Competition for customers stepped up acquisition costs

Attracting customers during the Single’s Day shopping festival can be very complex. Retailers are no longer just aiming for customer attention during the 24 hour, but a longer time span starting from mid-October.

Heavy competition for the traffic acquisition has also stepped up advertisement cost. Criteo statsitics indicates that CPM (cost per one thousand impression) will rise 10 days before November 11th, and will peak at 230% compared to daily average. Sales representative from Focus Media also informed us that the elevator ad placement in Shenzhen during the festival week was over-booked as early as September – 2 months before the Single’s Day. Rising costs of marketing during Single’s Day has made it a game only for big sellers.
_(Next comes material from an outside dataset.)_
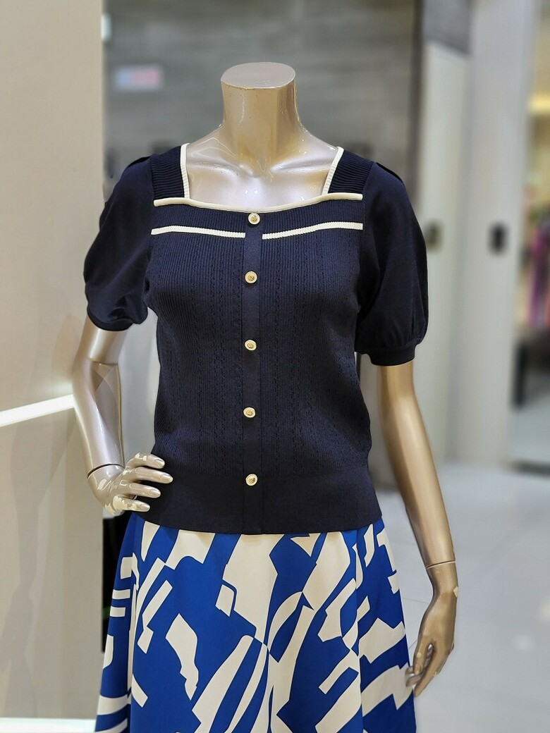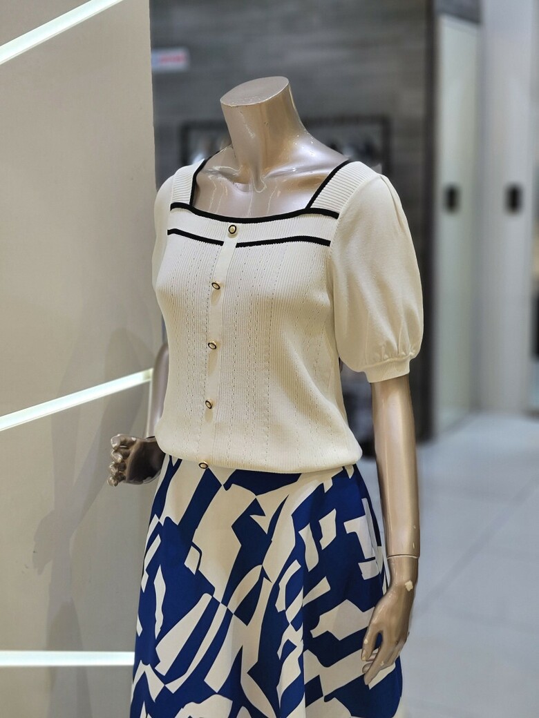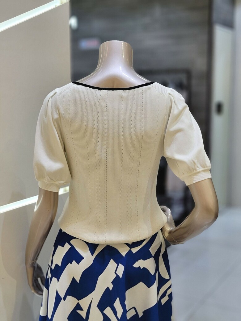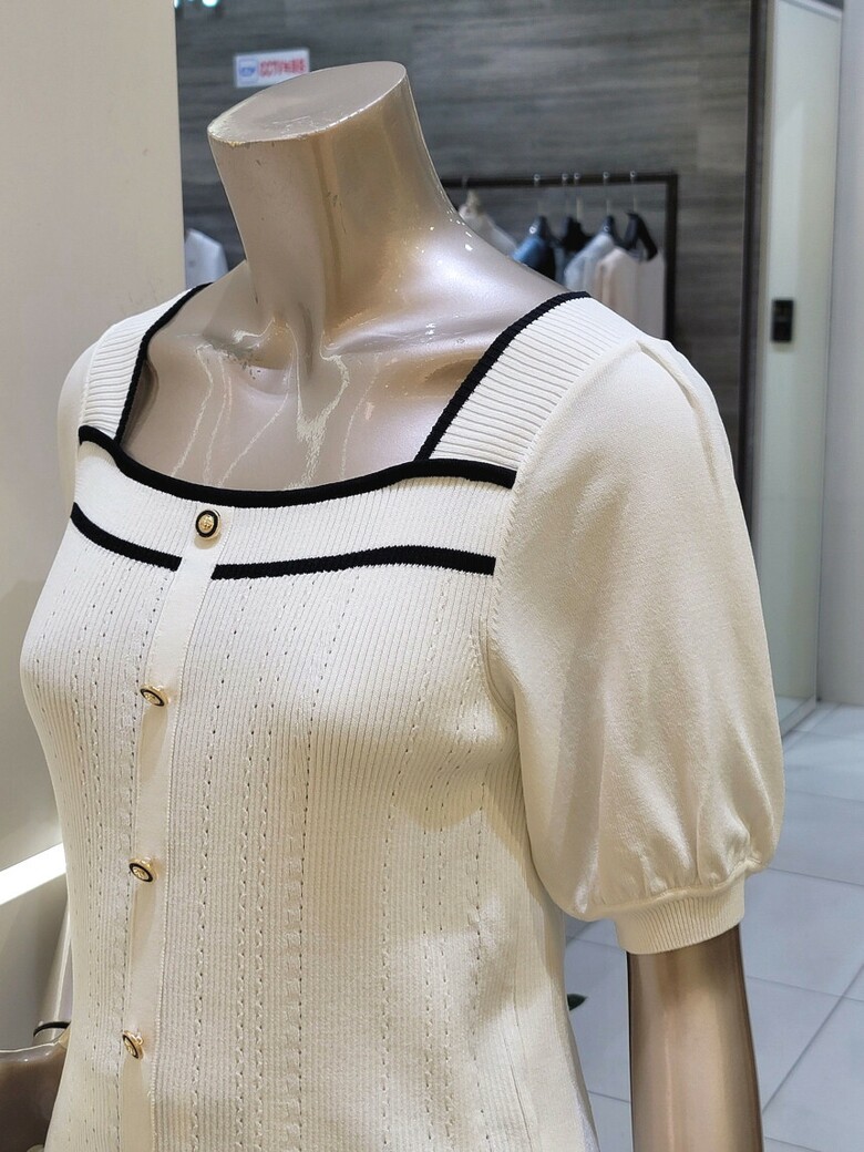 스퀘어 넥과 하프 슬리브 디자인으로 여성스러움을 더해주며

The two largest marketplaces in China are competing for the customers long before the event. This October, JD announced a coalition with Tencent, who has over 900 million users combined in QQ and WeChat, to compete with Alibaba & Sunning alliance, who have over 454 million online customers and 3500 offline stores.

To many SME sellers, their own strategies are being ripped apart by the ‘black holes’ companies. To achieve maximum marketing effect, some marketplaces ask for exclusivity and price guarantee from retailers, which harms the independence and flexibility of retailers.
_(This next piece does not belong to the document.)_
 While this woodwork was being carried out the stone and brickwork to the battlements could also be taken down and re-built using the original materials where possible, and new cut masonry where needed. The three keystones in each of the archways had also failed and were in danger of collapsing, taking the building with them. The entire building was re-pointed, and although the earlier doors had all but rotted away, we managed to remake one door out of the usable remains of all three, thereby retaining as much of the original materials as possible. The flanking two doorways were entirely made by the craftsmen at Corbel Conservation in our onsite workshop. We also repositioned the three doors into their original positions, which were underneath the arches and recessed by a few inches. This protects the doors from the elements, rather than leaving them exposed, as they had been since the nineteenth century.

Alternative routes to reach out to Chinese consumers?

An extra bonus of this year’s Single’s Day is the timing: the event will take place in a non-working day. The last time for a Single’s Day to take place in weekend is in 2012. The benefit is that customers will have more attention for online campaigns, but they will also spend a great amount of time in bricks-and-mortar stores. Online e-commerce businesses will unavoidably face challenges from offline retailers this year, while some may be benefiting from successful executions of omni-channel strategy.

Data from the iResearch Consulting Group indicate that annual spending of Chinese online consumers will reach 12,000 RMB per year. The affluent consumers are seeking upgrade of their consumption, and they are increasingly seeking to purchase high quality products from a variety of channels.

One possibility is to cooperate with membership programs from businesses that shares similar customer base. These businesses are also seeking for better membership perks for the customers, and could potentially become a channel to acquire customers for SME businesses.

If advertising is too expensive to become an option for overseas retailers during the Single’s Day festival, they should at least plan some campaigns to retain their current customers – the most effective way to connect with the customers and create a bond with them.